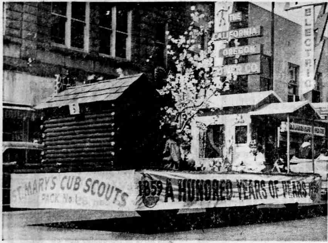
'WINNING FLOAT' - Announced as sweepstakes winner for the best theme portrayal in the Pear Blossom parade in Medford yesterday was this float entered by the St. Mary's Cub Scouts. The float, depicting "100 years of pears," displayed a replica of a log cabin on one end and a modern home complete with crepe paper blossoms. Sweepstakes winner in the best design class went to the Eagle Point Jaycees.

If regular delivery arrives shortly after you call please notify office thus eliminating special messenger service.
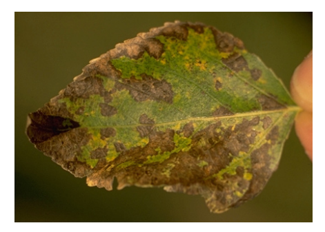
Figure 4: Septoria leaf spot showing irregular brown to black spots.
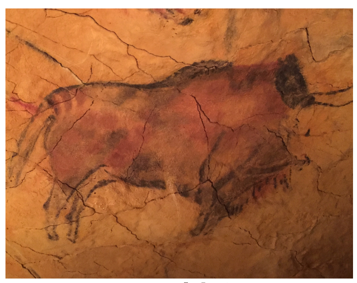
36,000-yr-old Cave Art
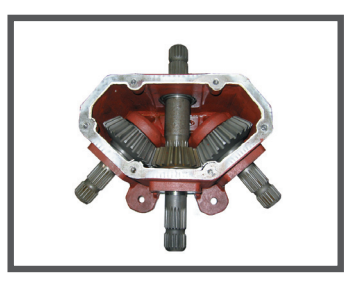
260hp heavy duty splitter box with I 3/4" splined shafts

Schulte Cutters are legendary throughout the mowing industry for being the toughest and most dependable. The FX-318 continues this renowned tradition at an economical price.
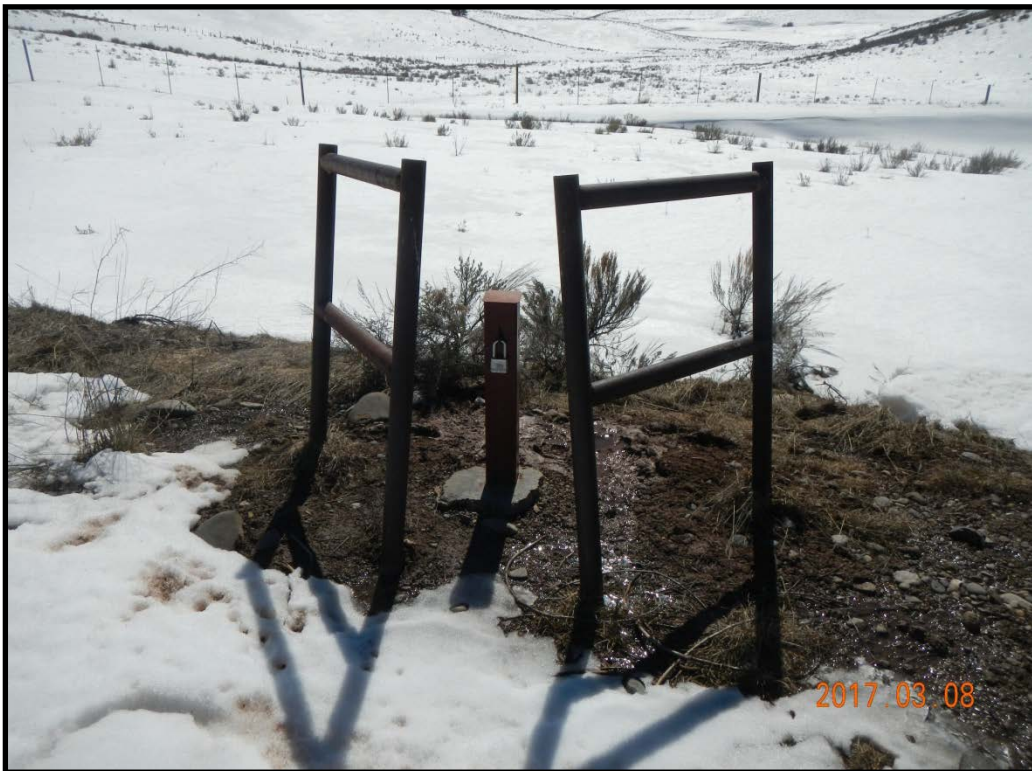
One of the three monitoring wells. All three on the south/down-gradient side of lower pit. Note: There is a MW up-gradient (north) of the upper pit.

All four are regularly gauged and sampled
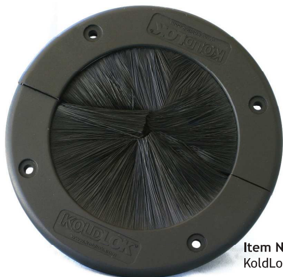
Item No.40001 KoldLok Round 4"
***
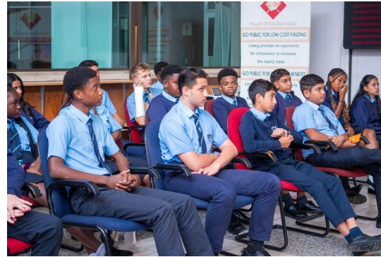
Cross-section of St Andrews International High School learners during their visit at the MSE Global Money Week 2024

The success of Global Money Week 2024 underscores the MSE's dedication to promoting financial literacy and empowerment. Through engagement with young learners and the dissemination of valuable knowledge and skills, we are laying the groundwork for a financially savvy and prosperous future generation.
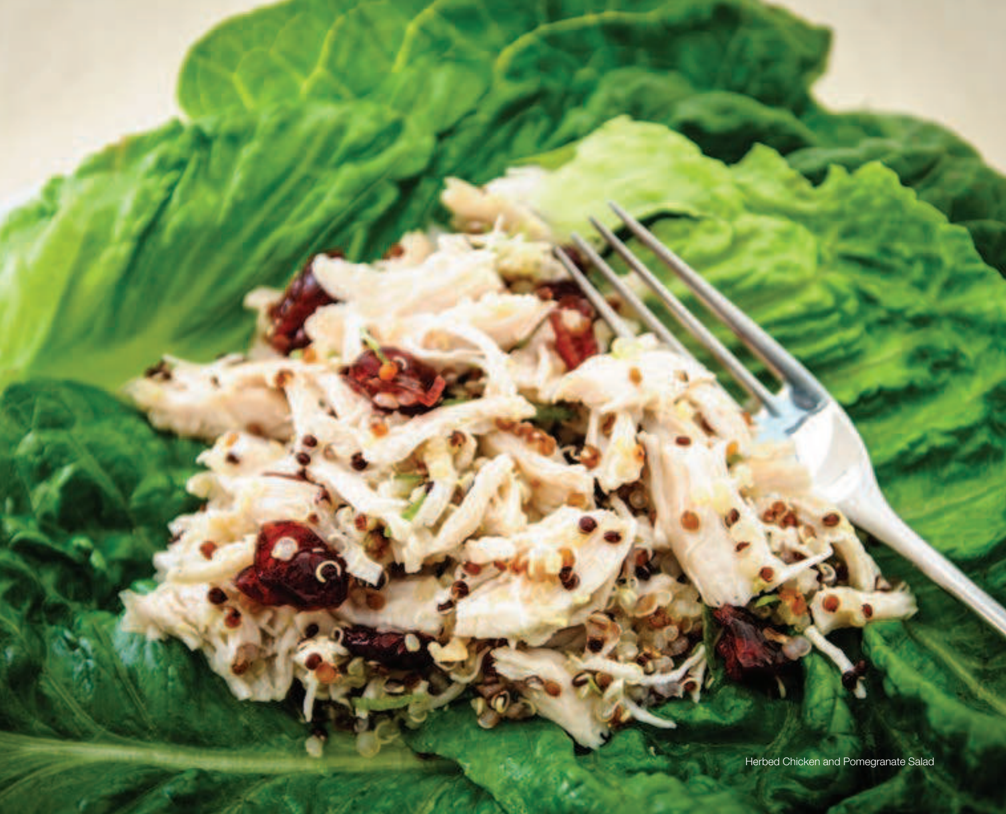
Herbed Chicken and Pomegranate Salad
***
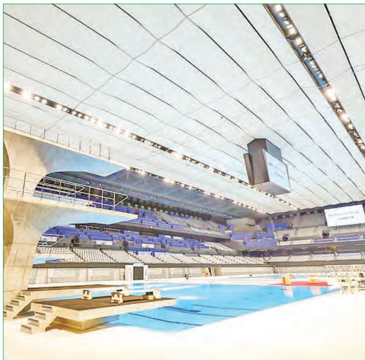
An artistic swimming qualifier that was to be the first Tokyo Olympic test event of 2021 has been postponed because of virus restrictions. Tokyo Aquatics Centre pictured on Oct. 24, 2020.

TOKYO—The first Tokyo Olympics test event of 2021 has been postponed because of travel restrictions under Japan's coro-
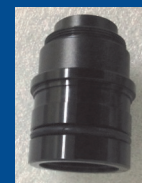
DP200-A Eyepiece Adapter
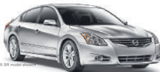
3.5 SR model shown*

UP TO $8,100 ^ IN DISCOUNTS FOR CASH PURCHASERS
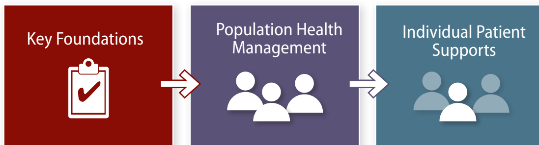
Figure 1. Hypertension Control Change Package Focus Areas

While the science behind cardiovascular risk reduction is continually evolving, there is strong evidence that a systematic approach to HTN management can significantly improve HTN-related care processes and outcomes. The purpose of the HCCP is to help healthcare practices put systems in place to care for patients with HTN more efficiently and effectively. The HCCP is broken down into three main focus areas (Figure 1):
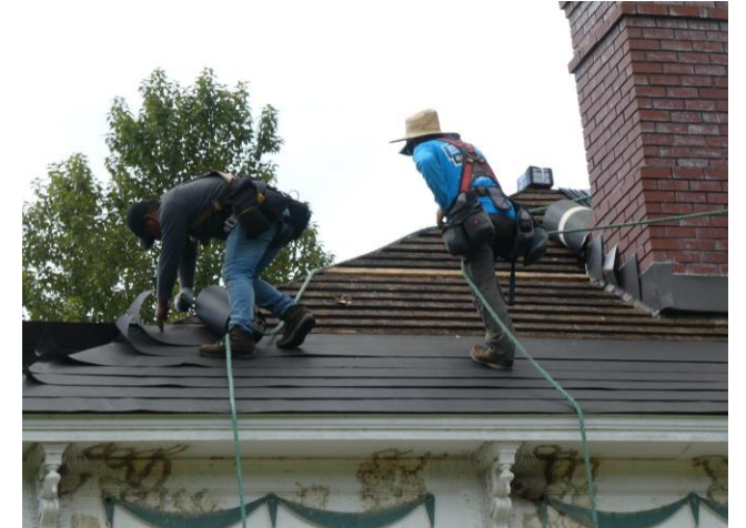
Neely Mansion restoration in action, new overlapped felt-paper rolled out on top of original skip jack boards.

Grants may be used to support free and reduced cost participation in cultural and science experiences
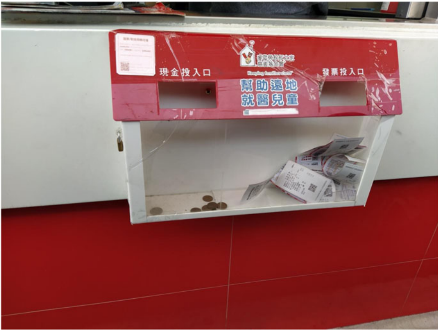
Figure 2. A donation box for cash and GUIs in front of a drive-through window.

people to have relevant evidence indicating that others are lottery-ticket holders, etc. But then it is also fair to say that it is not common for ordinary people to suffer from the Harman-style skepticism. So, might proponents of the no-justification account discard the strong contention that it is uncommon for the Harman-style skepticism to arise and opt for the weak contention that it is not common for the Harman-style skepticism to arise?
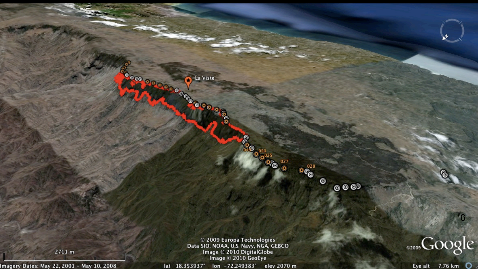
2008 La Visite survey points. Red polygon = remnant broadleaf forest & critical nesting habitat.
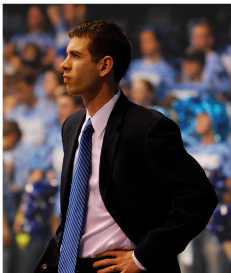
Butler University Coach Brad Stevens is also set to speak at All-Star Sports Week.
***
*TASK INSTRUCTIONS*. From the records above, copy exactly the lines starting at the one with "Eagle Point Jaycees." and ending at the one with "Schulte Cutters are", and no others. Pictures stay out.

*EXPECTED ANSWER*.
'WINNING FLOAT' - Announced as sweepstakes winner for the best theme portrayal in the Pear Blossom parade in Medford yesterday was this float entered by the St. Mary's Cub Scouts. The float, depicting "100 years of pears," displayed a replica of a log cabin on one end and a modern home complete with crepe paper blossoms. Sweepstakes winner in the best design class went to the Eagle Point Jaycees.

If regular delivery arrives shortly after you call please notify office thus eliminating special messenger service.
Figure 4: Septoria leaf spot showing irregular brown to black spots.
36,000-yr-old Cave Art
260hp heavy duty splitter box with I 3/4" splined shafts

Schulte Cutters are legendary throughout the mowing industry for being the toughest and most dependable. The FX-318 continues this renowned tradition at an economical price.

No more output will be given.